AVAILABLE DATA:

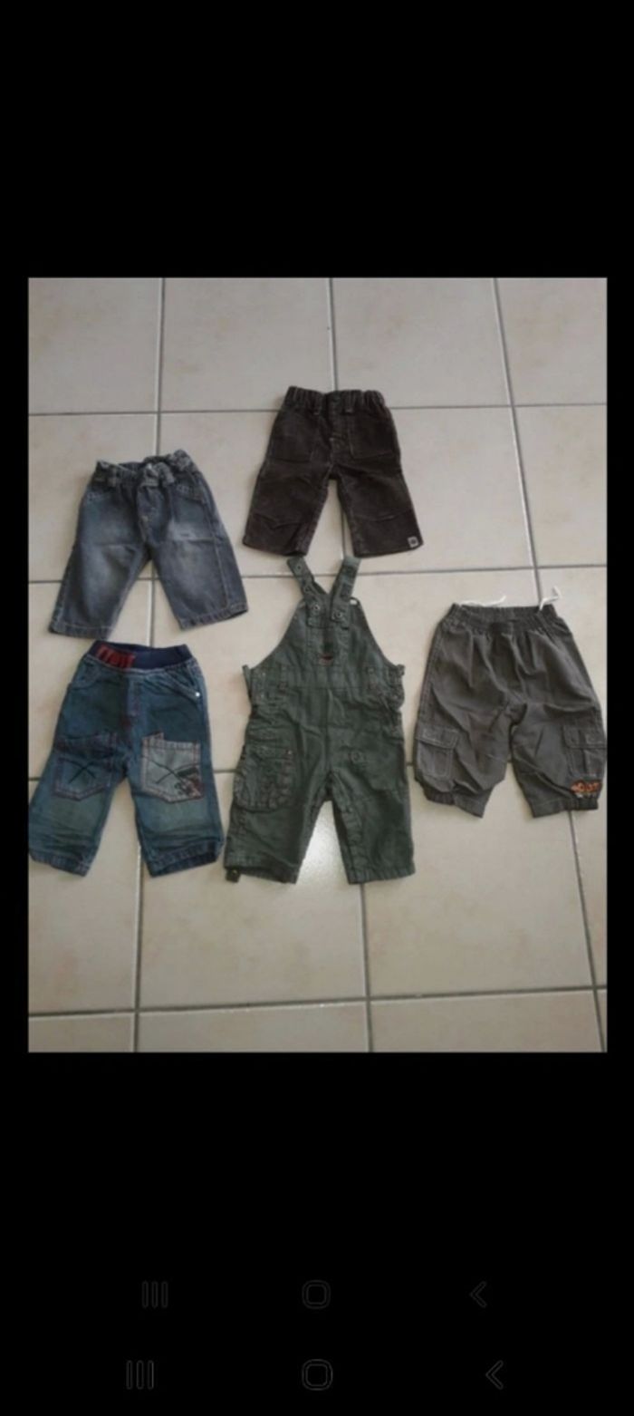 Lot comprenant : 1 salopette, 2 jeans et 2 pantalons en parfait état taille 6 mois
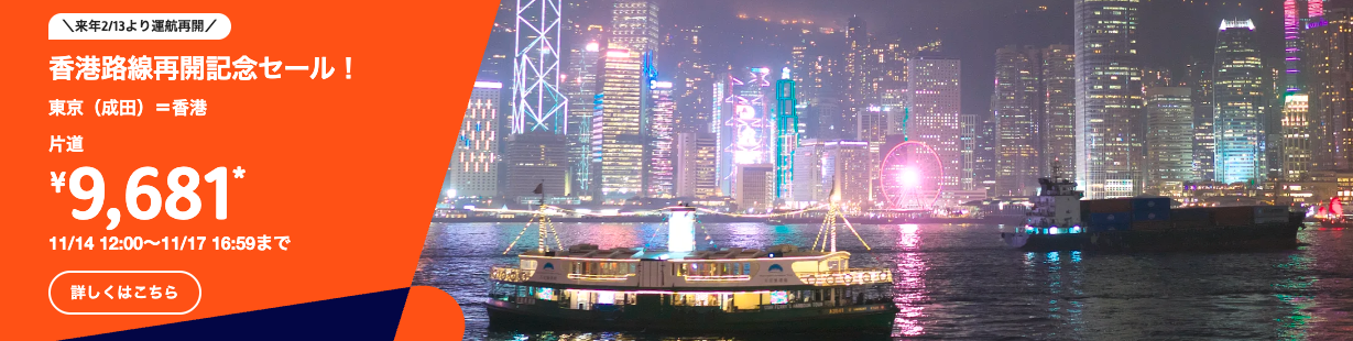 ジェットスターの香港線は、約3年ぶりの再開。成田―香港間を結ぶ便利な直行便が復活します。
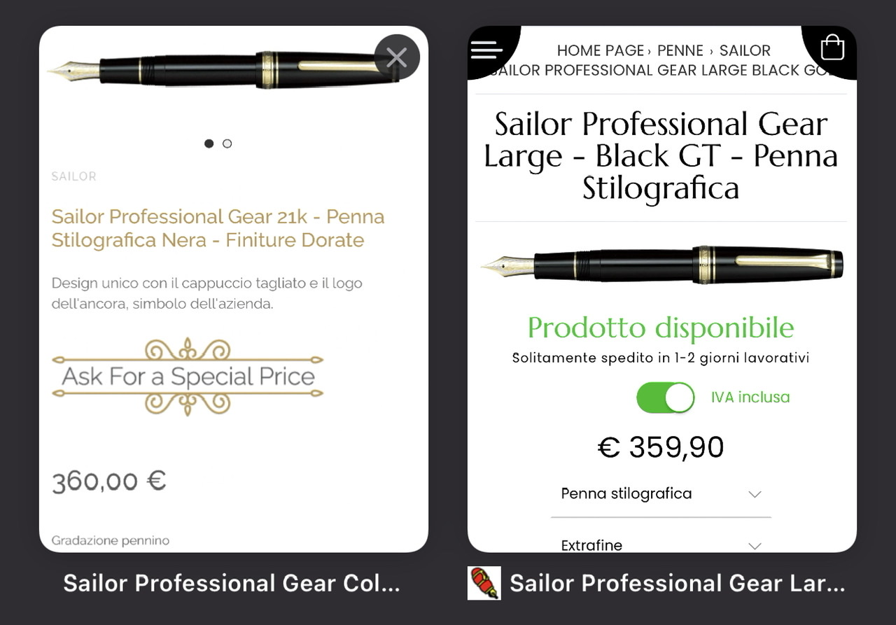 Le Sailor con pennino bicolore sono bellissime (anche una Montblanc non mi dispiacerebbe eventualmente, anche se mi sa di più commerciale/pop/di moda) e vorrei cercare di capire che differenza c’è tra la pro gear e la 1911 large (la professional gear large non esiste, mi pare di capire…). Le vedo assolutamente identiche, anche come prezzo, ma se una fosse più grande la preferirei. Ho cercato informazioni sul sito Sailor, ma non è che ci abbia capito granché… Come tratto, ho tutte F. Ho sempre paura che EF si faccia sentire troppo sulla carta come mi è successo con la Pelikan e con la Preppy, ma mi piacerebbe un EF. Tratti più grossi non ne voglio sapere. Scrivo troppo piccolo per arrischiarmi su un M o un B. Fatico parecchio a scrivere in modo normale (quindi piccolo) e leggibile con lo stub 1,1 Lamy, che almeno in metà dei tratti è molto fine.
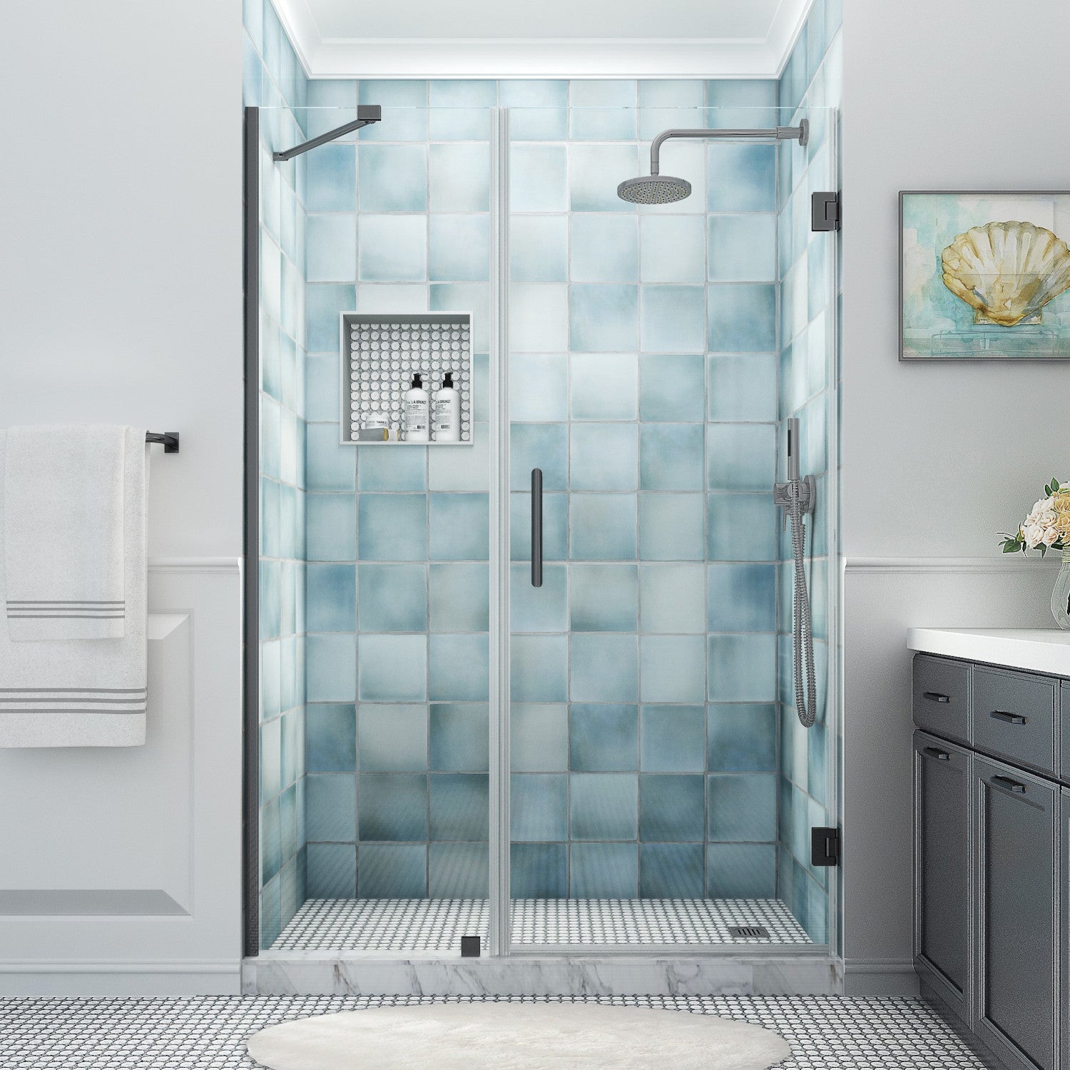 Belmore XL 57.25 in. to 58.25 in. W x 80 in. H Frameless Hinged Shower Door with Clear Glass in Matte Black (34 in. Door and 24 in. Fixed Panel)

ASSIGNMENT:
Beginning at the line containing "ジェットスターの香港線は、約", restate every line through the end of the material above exactly; omit the pictures.

RESULT OF THE TASK:
 ジェットスターの香港線は、約3年ぶりの再開。成田―香港間を結ぶ便利な直行便が復活します。
 Le Sailor con pennino bicolore sono bellissime (anche una Montblanc non mi dispiacerebbe eventualmente, anche se mi sa di più commerciale/pop/di moda) e vorrei cercare di capire che differenza c’è tra la pro gear e la 1911 large (la professional gear large non esiste, mi pare di capire…). Le vedo assolutamente identiche, anche come prezzo, ma se una fosse più grande la preferirei. Ho cercato informazioni sul sito Sailor, ma non è che ci abbia capito granché… Come tratto, ho tutte F. Ho sempre paura che EF si faccia sentire troppo sulla carta come mi è successo con la Pelikan e con la Preppy, ma mi piacerebbe un EF. Tratti più grossi non ne voglio sapere. Scrivo troppo piccolo per arrischiarmi su un M o un B. Fatico parecchio a scrivere in modo normale (quindi piccolo) e leggibile con lo stub 1,1 Lamy, che almeno in metà dei tratti è molto fine.
 Belmore XL 57.25 in. to 58.25 in. W x 80 in. H Frameless Hinged Shower Door with Clear Glass in Matte Black (34 in. Door and 24 in. Fixed Panel)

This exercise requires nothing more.